SPORT / MISCELLANY
Footballers suffering from COVID-19 effects after initial recovery
Published: Jan 26, 2022 11:26 PM
Very few top-level footballers have suffered from life-threatening bouts of COVID-19, but the longer-term effects of the virus are now being seen in the game, with one study suggesting even players' passing quality can suffer.

There have been several high-profile cases of COVID-19 effects preventing players returning to the pitch immediately after testing negative for the virus.

Bayern Munich midfielder Joshua Kimmich, who was not vaccinated, missed two months of action due to lung damage, while Juventus forward Paulo Dybala said he struggled with a "shortness of breath" when he returned in 2020 after testing positive.

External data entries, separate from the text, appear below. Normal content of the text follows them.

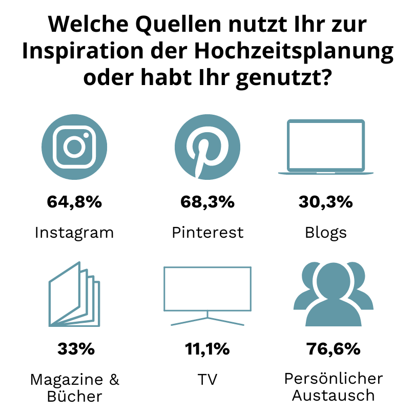 Die top Informationsquelle für Ideen zur eigenen Hochzeitsplanung ist und bleibt das Internet. Nahezu alle befragten Hochzeitspaare holen sich hier die entscheidenden Inspirationen. Soziale Netzwerke, vor allem die auf Bilder fokussierten Anbieter wie Pinterest und Instagram, sind dabei am populärsten. Die Infos aus diesen Quellen kann man dann gerne im ebenfalls beliebten direkten sozialen Umfeld diskutieren.
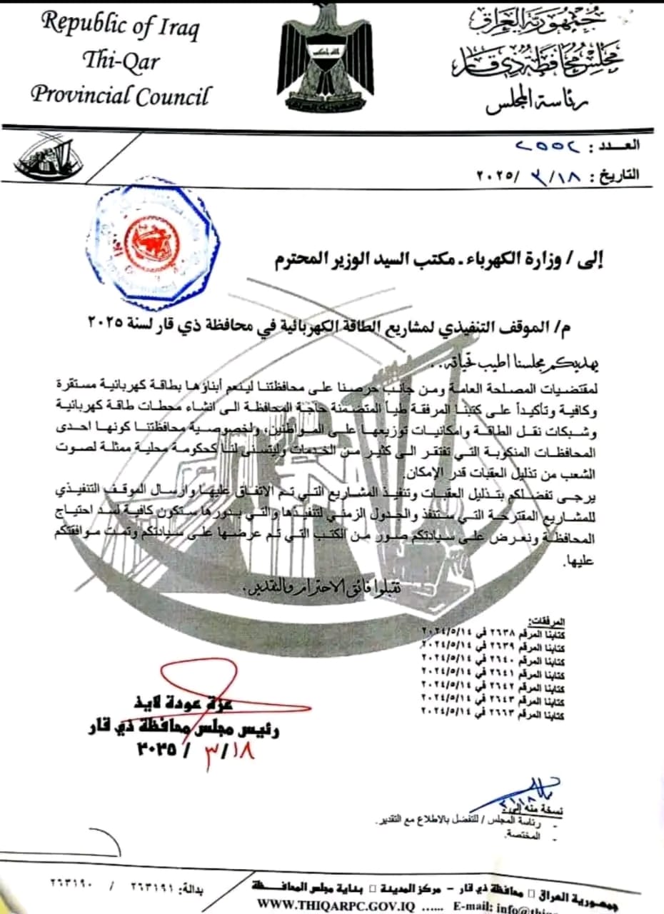 بالوثيقة… ذي قار تخاطب وزارة الكهرباء حول إنشاء محطات الطاقة وشبكات نقل الطاقة
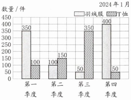 预测第四季度羽绒服销售400件,T恤销售50件。
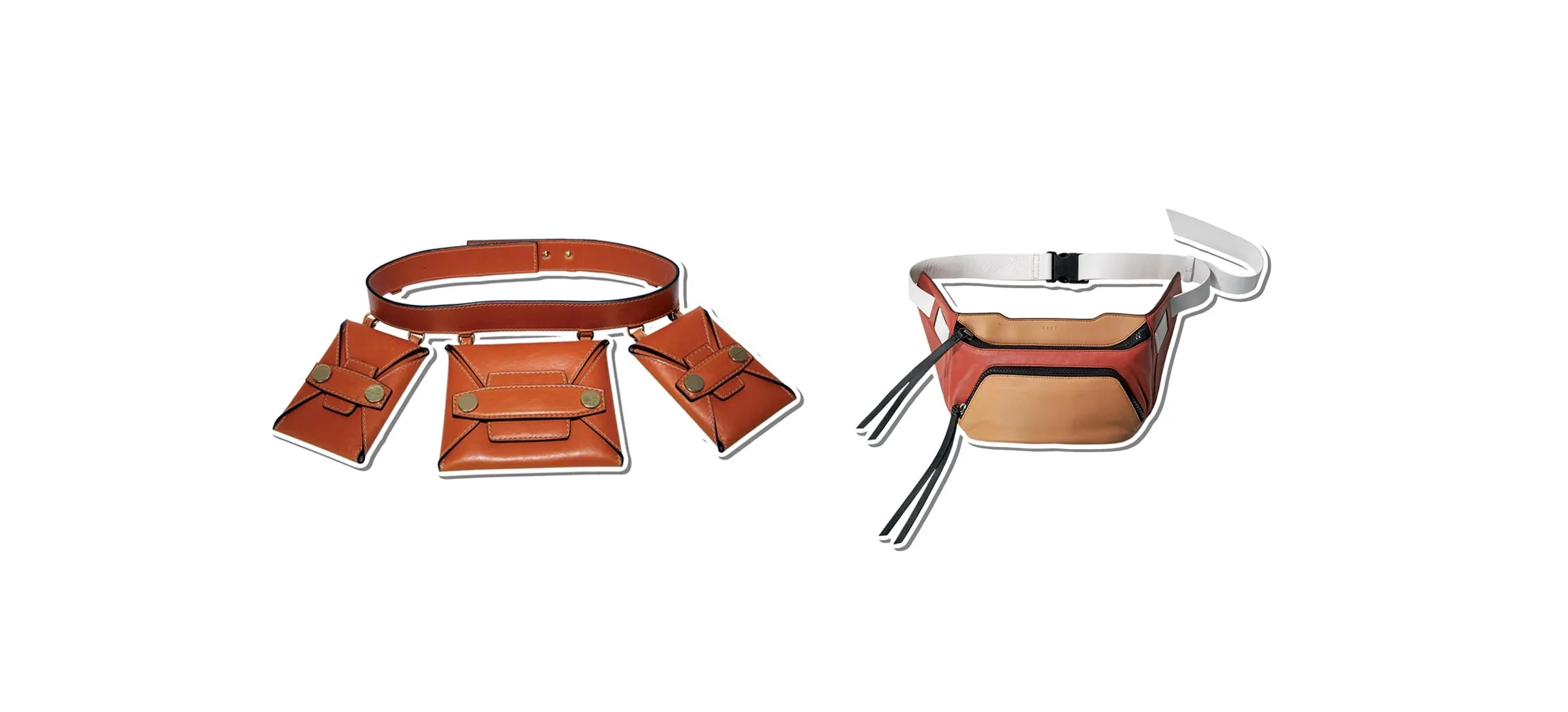 (从左侧) 多功能腰带: 非常适合存放信用卡、钥匙和其他小物件,适合外出时使用。采用环保的素皮革。Stella McCartney Alter Nappa 腰包,$1,210;Stella McCartney NY, 112 Greene St., New York。腰包: 由多色棕色皮革制成,这款绝对不是为游客设计的。DKNY 皮革腰包,$398;精选 DKNY 专卖店。摄影师:Eric T. White 为彭博商业周刊
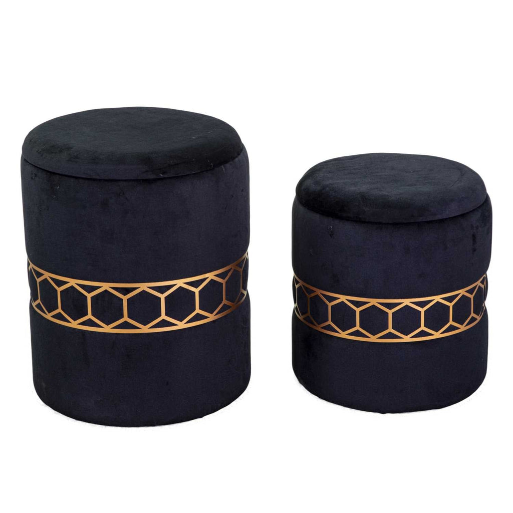 Lot de 2 Poufs de Rangement Ø35 cm et Ø39 cm en Tissu Velours Noir
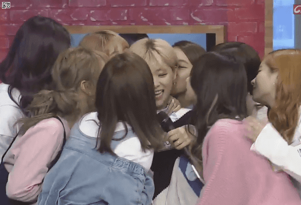 [움짤] 단체로 정연이에게 뽀뽀선물하는 트와이스
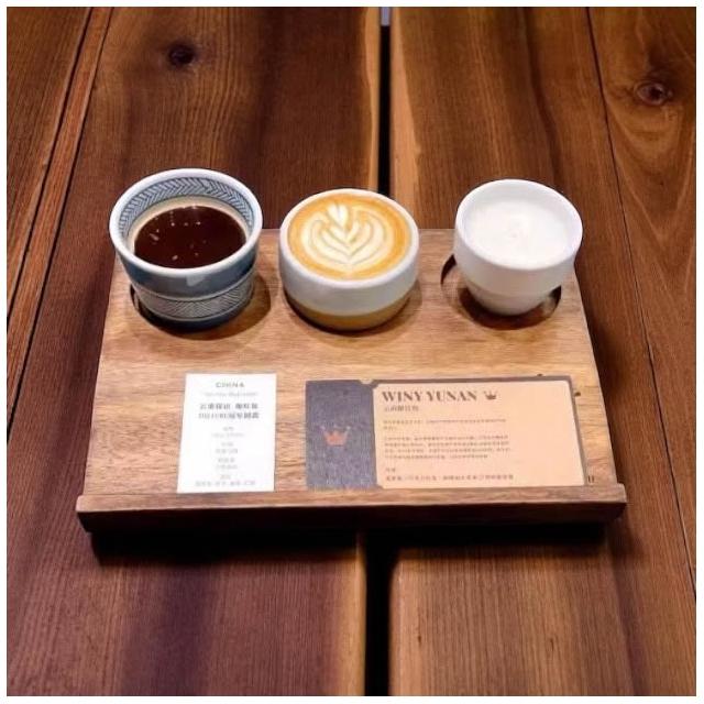 喜奈而 咖啡托盤 三孔木盤 木質咖啡展示盤 精品咖啡比賽杯測托盤 咖啡廳擺盤 三杯咖啡托盤 拉花展示盤
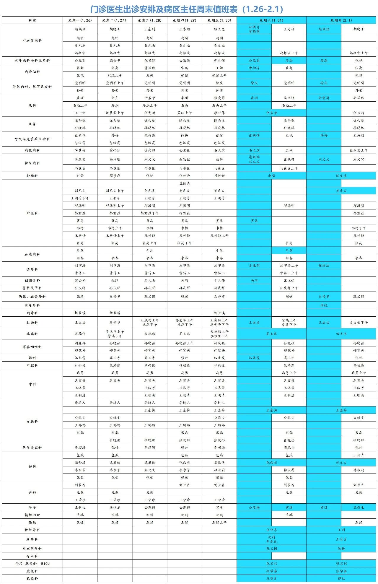门诊医生及科室主任周末出诊时间表如下图
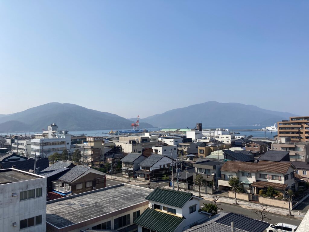 4階の屋上まで登ってきました。当時は敦賀でもトップクラスの高層ビルでしたが、今では右の方にあるマンション?のほうが高く海の景色を遮っています。
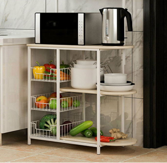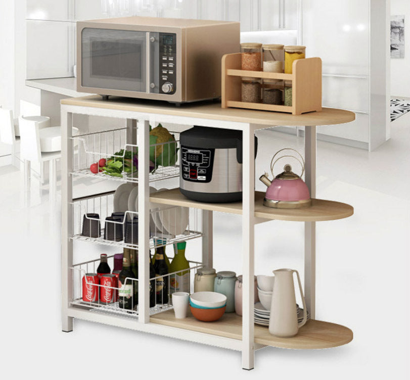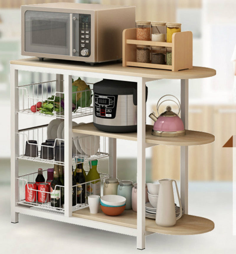 A space saver, an organizer, a kitchen bench, this stylish kitchen Workbench Shelf is the perfect match for your dream kitchen. Beautifully designed to maximize space and add functionality. it provides an ideal storage solution and will bring immediate style to your kitchen without renovating. It offers a stylish and smart way to add storage and organization to your kitchen. Featuring stable and sturdy steel frame, perfectly styled spacious shelving with enough space for microwave, coffee machine, and more, and beautifully designed spacious benchtop that is solid and generous which makes preparation in the kitchen easy, it is functional, smart, space-saving and suitable for your purposes. A striking combination combines the sophistication of steel and the warmth of wood, sleek, elegant and so versatile.
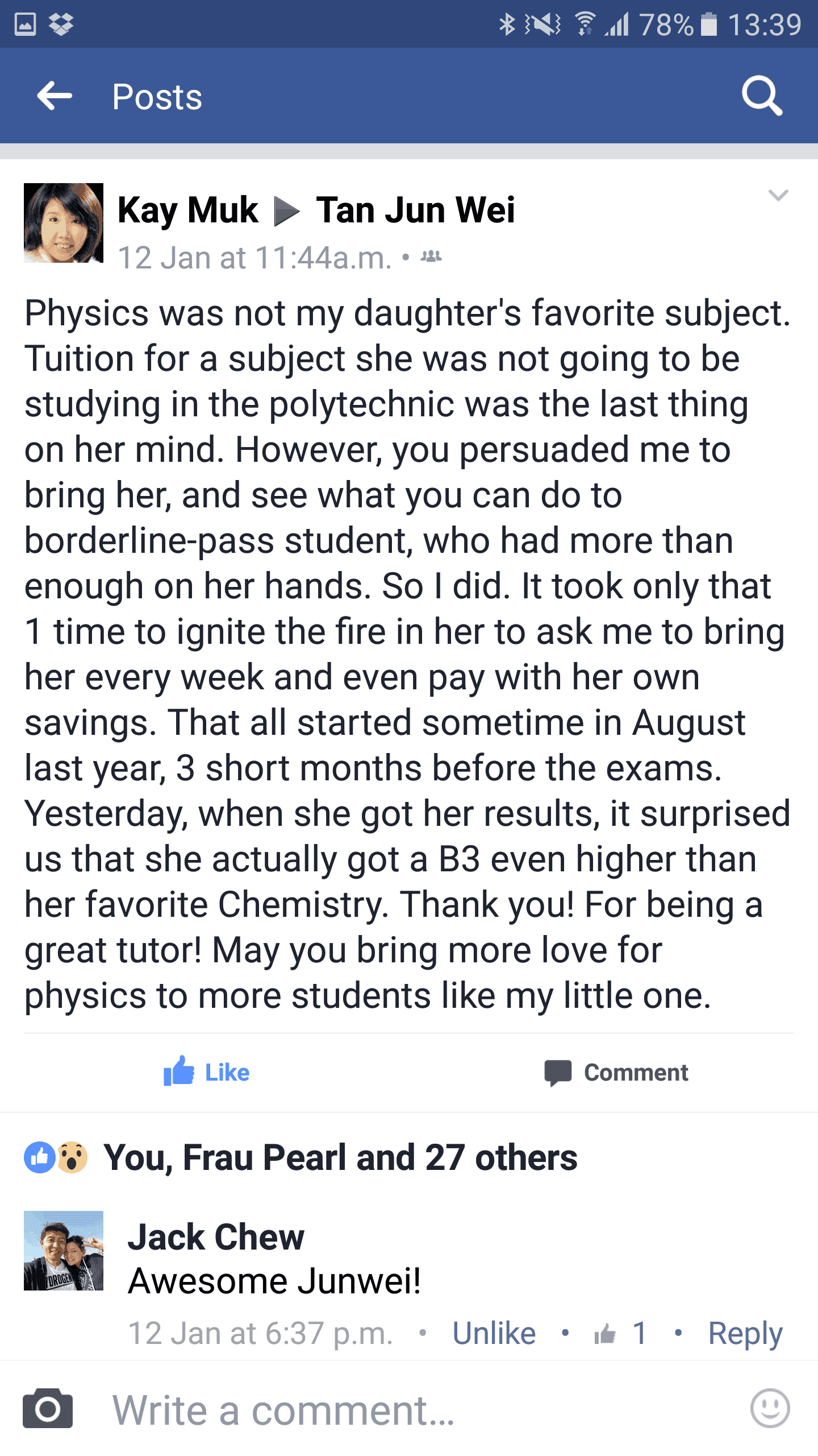 After finishing his lessons, Physics was no longer a challenging subjects. I could easily keep up with lessons in school and I also grew a liking for Physics. I will continue having a curious mind for Physics thanks to Mr Tan.

Even seven-time Ballon d'Or winner Lionel Messi admitted that he needed "more time than expected to recover" after contracting COVID-19 over the winter break.

There have been a handful of more serious cases in professional football.

Newcastle goalkeeper Karl Darlow spent three days on a hospital drip, Montpellier winger Junior Sambia was hospitalised in intensive care and Nantes' Jean-Kevin Augustin has not started a first-team game since 2019 due to COVID-19.

Researchers from the universities of Duesseldorf and Reading saw results from a study, into 257 Bundesliga and Serie A players who returned after suffering with COVID-19, that suggested performance levels also fell.

The study found that players' passing success rate fell by up to 5 percent and that the virus affected footballers over the age of 30 more seriously.

It also suggested that teams with the most players who had recovered from COVID-19 had worse results than their rivals.

"So far, the results suggest a permanent alteration in the player's abilities," said James Reade, director of the economics department at the ­University of Reading and ­co-author of the study, albeit with a caveat.

There have been reports of players struggling from cardiac inflammation, including Gabon duo Pierre-Emerick Aubameyang and Mario Lemina, who both left the ongoing Africa Cup of Nations to recover from COVID-19.

But French football federation medical director Emmanuel Orhant said there was no definite link between the virus and increased risk of cardiac problems for footballers.

He found, in December 2020, that 2.2 percent of 350 players who tested positive had a cardiac issue.